The ISOLA Spinal System is a pedicle screw systems intended to provide immobilization and stabilization of spinal segments in skeletally mature patients as an adjunct to fusion in the treatment of the following acute and chronic instabilities or deformities of the thoracic, lumbar, and sacral spine: degenerative spondylolisthesis with objective evidence of neurological impairment, fracture, dislocation. scoliosis, kyphosis, spinal tumor, and failed previous fusion (pseudarthrosis).

The ISOLA Spinal System is also indicated for pedicle screw fixation for the treatment of severe spondylolisthesis (Grades 3 and 4) of the L5-S1 vertebra in skeletally mature patients receiving fusion by autogenous bone graft having implants attached to the lumbar and sacral spine (L3 to sacrum) with removal of the implants after the attainment of a solid fusion.

The ISOLA Spinal System is also a hook and sacral/iliac screw fixation system of the noncervical spine indicated for degenerative disc disease (defined as discogenic back pain with degeneration of the disc confirmed by history and radiographic studies), spondylolisthesis, trauma (fracture and/or dislocation), spinal stenosis, deformities (scoliosis, lordosis and/or kyphosis), tumor, and previous failed fusion (pseudarthrosis).

The ISOLA Spinal System when used with pedicle screws is indicated for degenerative disc disease (defined as discogenic back pain with degeneration of the disc confirmed by history and radiographic studies). Levels of fixation are for the thoracic, lumbar and sacral spine.

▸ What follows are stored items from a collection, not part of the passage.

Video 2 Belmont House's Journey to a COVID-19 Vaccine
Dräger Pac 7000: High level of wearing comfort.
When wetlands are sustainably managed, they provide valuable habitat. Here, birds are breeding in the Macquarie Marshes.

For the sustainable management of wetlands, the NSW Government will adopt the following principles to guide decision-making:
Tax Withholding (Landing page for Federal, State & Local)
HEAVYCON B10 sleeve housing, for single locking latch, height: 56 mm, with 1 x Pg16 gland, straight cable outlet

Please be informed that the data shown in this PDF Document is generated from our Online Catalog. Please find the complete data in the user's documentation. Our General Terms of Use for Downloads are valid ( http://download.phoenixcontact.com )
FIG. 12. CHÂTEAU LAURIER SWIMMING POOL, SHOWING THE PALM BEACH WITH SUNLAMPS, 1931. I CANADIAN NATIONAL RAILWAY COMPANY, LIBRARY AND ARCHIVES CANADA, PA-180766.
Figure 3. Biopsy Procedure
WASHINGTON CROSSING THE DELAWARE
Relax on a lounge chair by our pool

The ISOLA Polyaxial Washer construct will allow the current monoaxial screws of the ISOLA Spinal System to exhibit properties similar to those of polyaxial screws.

The provided document, K013441, is a 510(k) summary for the ISOLA Polyaxial Washer, a component of the ISOLA Spinal System. This document is a premarket notification for a medical device and, as such, focuses on demonstrating substantial equivalence to a predicate device rather than providing detailed clinical study results with acceptance criteria.

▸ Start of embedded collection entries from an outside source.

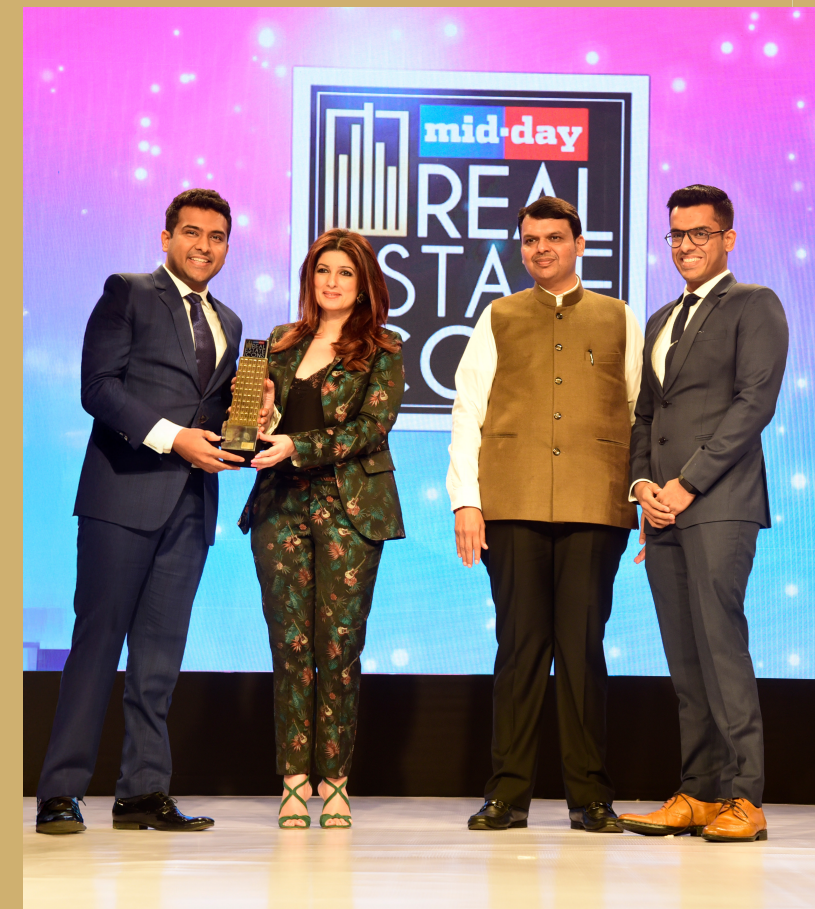
MID-DAY REAL ESTATE ICON AWARD 2018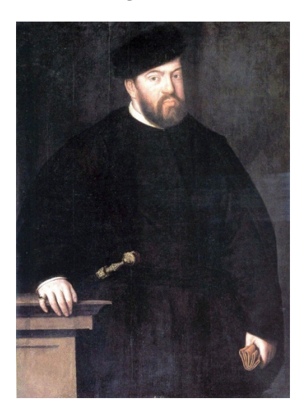
Figure 12 (a)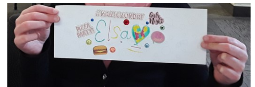
Decorating our own mugs....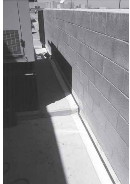
▲ The epoxy resin is applied on to the substrate with a bolt cartridge gun and the FlamLINE is laid into the bed of epoxy. The top surface of the yellow flange is similarly coated.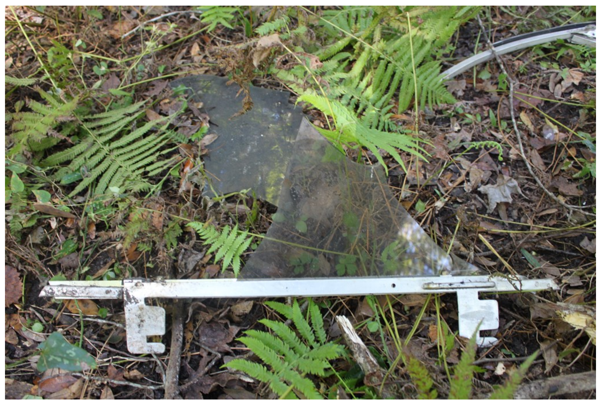
Photo 12 View depicting the locking portion of the canopy. Note the undamaged latches for taxi (lower) and takeoff (upper) positions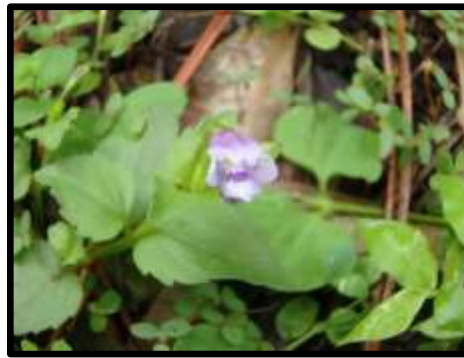
Browne's Savory ( Clinopodium brownei )

This was one of several species of which we collected a voucher specimen – to fill in that data gap for St Lucie County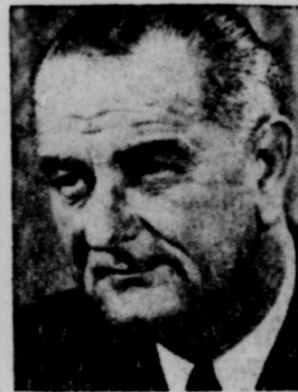
PRES. LYNDON B. JOHNSON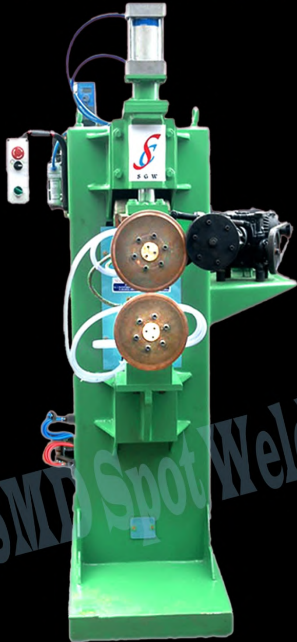
Circular seam welding machine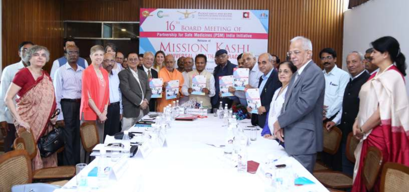
Shri Ravindra Kumar Jena (BJD) Member of the Parliament Lok Sabha, Orissa releasing the Report of PSM India 15 Board Meetings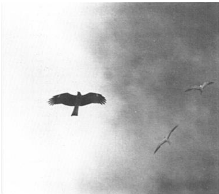
Figure 3. Black Kite in flight, Wake Atoll, early 1980s.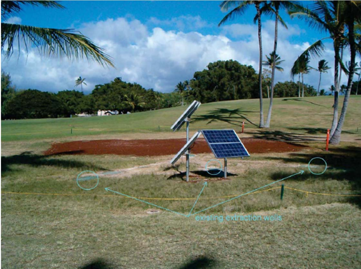
Figure 2. Pilot-Scale Bioreactor Solar Panel at Site LF05 JBPHH, HI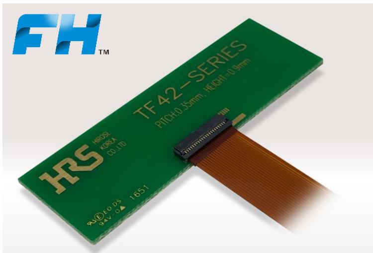
FH Flip-Lock Pioneer Hirose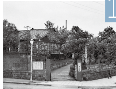
The Tokyo National School of Dentistry, the predecessor of TMDU, was established at Hitotsubashi.

Today, TMDU is still located in Ochanomizu / Yushima district where its predecessor, the Tokyo National School of Dentistry, had moved in 1930, two years after its founding. TMDU has become known as one of the most excellent research universities in Japan.

The document primarily describes the device, its intended use, and materials, and mentions that "Performance data were submitted to characterize the ISOLA Polyaxial Washer." However, it does not include:

• A table of acceptance criteria and reported device performance values.
• Details of a standalone algorithm performance study.
• Information on a multi-reader multi-case (MRMC) comparative effectiveness study.
• Data provenance for a test set (country of origin, retrospective/prospective).
• Number and qualifications of experts for ground truth establishment.
• Adjudication methods.
• The type of ground truth used (e.g., pathology, outcomes data).
• The sample size for a training set.
• How ground truth for a training set was established.

This is typical for 510(k) submissions for spinal fixation devices, which often rely on mechanical testing rather than AI-driven clinical performance studies.

Therefore, based solely on the provided text, I cannot extract the information required to populate the table or answer the specific questions about acceptance criteria and study details as they pertain to AI or diagnostic performance.

The "Performance Data" mentioned likely refers to mechanical testing (e.g., fatigue, static strength, torsion) to ensure the device meets engineering specifications and functions as intended, rather than clinical efficacy or diagnostic accuracy as would be relevant for an AI/diagnostic device.

To answer your request, if this were a device requiring clinical performance or AI evaluation (which it is not), the information would typically be presented in a much more detailed clinical study report section, which isn't present in this 510(k) summary.